Let's start by grabbing our dataset. We'll be using a dataset of poker hands from UC Irvine located [here](http://archive.ics.uci.edu/ml/datasets/Poker+Hand). I've left them in the class Github folder for your convenience, but downloading them would look something like this:

In [22]:
download.file(url = "http://archive.ics.uci.edu/ml/machine-learning-databases/poker/poker-hand-training-true.data",
             destfile = "./poker_hands.csv")

Now we'll read them into R and create data frames, which we'll merge together using *rbind()*

In [23]:
poker.hands <- read.csv(file = "./poker_hands.csv")

It's a good idea to start by exploring the data a bit...we'll do a few variations on this before we move on to the dplyr stuff.

In [24]:
head(poker.hands)
str(poker.hands)

X1,X10,X1.1,X11,X1.2,X13,X1.3,X12,X1.4,X1.5,X9
2,11,2,13,2,10,2,12,2,1,9
3,12,3,11,3,13,3,10,3,1,9
4,10,4,11,4,1,4,13,4,12,9
4,1,4,13,4,12,4,11,4,10,9
1,2,1,4,1,5,1,3,1,6,8
1,9,1,12,1,10,1,11,1,13,8


'data.frame':	25009 obs. of  11 variables:
 $ X1  : int  2 3 4 4 1 1 2 3 4 1 ...
 $ X10 : int  11 12 10 1 2 9 1 5 1 1 ...
 $ X1.1: int  2 3 4 4 1 1 2 3 4 2 ...
 $ X11 : int  13 11 11 13 4 12 2 6 4 1 ...
 $ X1.2: int  2 3 4 4 1 1 2 3 4 3 ...
 $ X13 : int  10 13 1 12 5 10 3 9 2 9 ...
 $ X1.3: int  2 3 4 4 1 1 2 3 4 1 ...
 $ X12 : int  12 10 13 11 3 11 4 7 3 5 ...
 $ X1.4: int  2 3 4 4 1 1 2 3 4 2 ...
 $ X1.5: int  1 1 12 10 6 13 5 8 5 3 ...
 $ X9  : int  9 9 9 9 8 8 8 8 8 1 ...


The dataset is tidy, but it's pretty ambiguous. We can get some information about it from the [description file](http://archive.ics.uci.edu/ml/machine-learning-databases/poker/poker-hand.names) that will help us understand it, but we can also do a lot with dplyr to help make the dataset more useful and maybe draw some conclusions about it. 

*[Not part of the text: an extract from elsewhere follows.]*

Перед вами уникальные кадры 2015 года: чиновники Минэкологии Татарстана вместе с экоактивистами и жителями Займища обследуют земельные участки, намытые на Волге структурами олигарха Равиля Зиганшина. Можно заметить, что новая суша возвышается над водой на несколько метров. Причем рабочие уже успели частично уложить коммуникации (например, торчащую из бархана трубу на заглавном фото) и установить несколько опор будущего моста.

But before that, let's add some more descriptive column names.

In [25]:
names(poker.hands) <- c("Suit.1","Rank.1","Suit.2","Rank.2","Suit.3",
                       "Rank.3","Suit.4","Rank.4","Suit.5","Rank.5","Class")
head(poker.hands)

Suit.1,Rank.1,Suit.2,Rank.2,Suit.3,Rank.3,Suit.4,Rank.4,Suit.5,Rank.5,Class
2,11,2,13,2,10,2,12,2,1,9
3,12,3,11,3,13,3,10,3,1,9
4,10,4,11,4,1,4,13,4,12,9
4,1,4,13,4,12,4,11,4,10,9
1,2,1,4,1,5,1,3,1,6,8
1,9,1,12,1,10,1,11,1,13,8


Much better! Now then, let's load up dplyr and get started.

In [26]:
suppressMessages(library(dplyr))

## Exercises

### 1. Starting simple

To begin with, notice that there are 10 types of hands. Return to me a summary of the percentage (not probability) of the time we get each type of hand (Class). The list should be in order of descending percentage. 

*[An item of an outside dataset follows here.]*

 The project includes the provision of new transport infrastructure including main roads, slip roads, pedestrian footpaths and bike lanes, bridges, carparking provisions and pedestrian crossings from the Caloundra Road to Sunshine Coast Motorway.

For extra "credit", do so while returning the actual name of each hand rather than a number. 

In [33]:
poker.hands %>%
group_by(Class) %>%
summarise(n_class = n(), pcnt = n_class/25009*100) %>%
arrange(desc(pcnt))

Class,n_class,pcnt
0,12493,49.95401655
1,10599,42.38074293
2,1206,4.82226398
3,513,2.05126155
4,93,0.37186613
5,54,0.21592227
6,36,0.14394818
7,6,0.02399136
8,5,0.0199928
9,4,0.01599424


### 2. Assessing Straight Flushes

I think the most exciting thing about poker is the straight flush, the rarest hand, of which royal flushes are a subset. What percentage (not fraction) of the hands in this dataset are straight flushes?

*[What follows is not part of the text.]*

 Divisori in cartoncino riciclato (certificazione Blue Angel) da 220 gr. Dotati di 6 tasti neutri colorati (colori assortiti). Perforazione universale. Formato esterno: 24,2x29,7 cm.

Furthermore, among straight flushes, what percentage occur in each suit?

In [51]:
poker.hands %>%
filter(Class == 8 | Class == 9) %>%
summarise(p_straight = n()/dim(poker.hands)[1]*100)


p_straight
0.03598704


In [53]:
poker.hands %>%
filter(Class == 8 | Class == 9) %>%
group_by(Suit.1) %>%
summarise(p_straight = n()/dim(poker.hands)[1]*100)

Suit.1,p_straight
1,0.007997121
2,0.007997121
3,0.007997121
4,0.011995682


### 3. Stuck on a pair

Sometimes when I'm playing poker, I pick up the first 2 cards and I've already got a pair...but then I can't seem to get anything else. How often does this occur in the dataset? I'm looking for the percentage of time that I end up with just a pair after starting with 2 paired cards. 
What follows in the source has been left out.